The installation process will not be described again, remember to check the “Configure environment variables” option that is not recommended
After the installation is successful, you can view the Python version:
2. Install the NVIDIA driver
Website address: www.nvidia.cn/geforce/dri…
Note: After searching for the appropriate driver, the DCH version driver will be downloaded by default. The following problems may occur during installation
Therefore, when downloading, you need to remove the DCH from the link and download the standard version driver
The one above is the standard version, don’t download the DCH version below.
3. Install the CUDA
Compute Unified Device Architecture (CUDA) is a parallel computing Architecture introduced by NVIDIA for its GPU, which enables GPU to perform massive parallel computing and solve complex computing problems.

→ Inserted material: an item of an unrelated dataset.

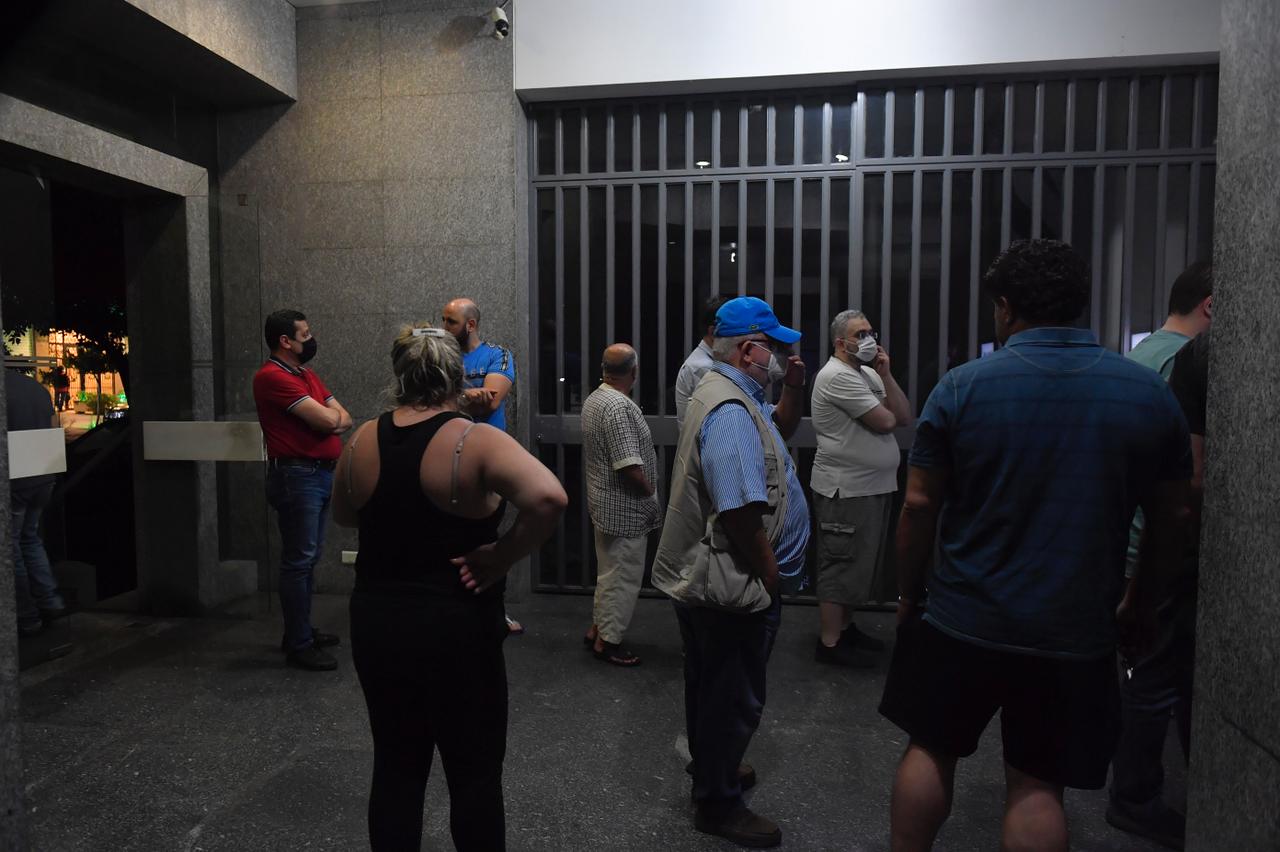 في مشهد يُضاف إلى مشاهد الذلّ في لبنان، اصطفّ المواطنون، في ساعات متأخّرة من مساء اليوم، أمام الصرافات الآلية، في محاولة لسحب ما تيسّر لهم من أموالهم بعد بيان مصرف لبنان حول تعليق العمل بالقرار الذي يسمح للمودعين بسحب أموالهم من حساباتهم بالدولار على سعر صرف 3900 ليرة لبنانية للدولار، وفقاً لتبلّغه القرار الاعدادي لمجلس شورى الدولة حول تعليق العمل بالتعميم رقم 151.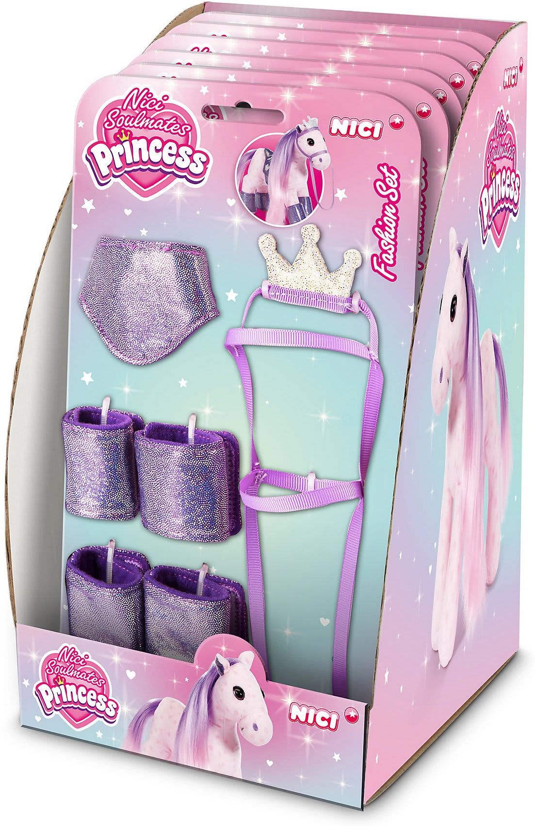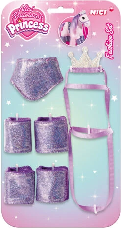 Kinder, die von dem tollen Spielpferd “Soulmates Princess 25 cm” der Marke NICI einfach begeistert sind, werden sich über dieses Zubehörset garantiert freuen! In dem Set sind ein Sattel, ein Zaumzeug mit Krönchen und vier Bandagen enthalten. So ist das Pferdchen bereit für lustige Ausritte!

CUDA is essentially a ToolKit, and CUDA 10 is the version chosen for this article
After the installation is successful, go to CMD and run the NVCC -v command to view the version information
4. Install CUDNN
As mentioned above, CUDA is not a GPU-accelerated library for neural networks. It is designed for all kinds of applications that require parallel computing. In order to train the neural network more quickly, an additional cuDNN installation is required.
NVIDIA CUDA® Deep Neural Network Library (cuDNN) is a GPU accelerated primitive library for deep neural networks. References to cuDNN provide highly optimized implementations for standard routines, such as forward and backward convolution, pooling, normalization, and activation layers.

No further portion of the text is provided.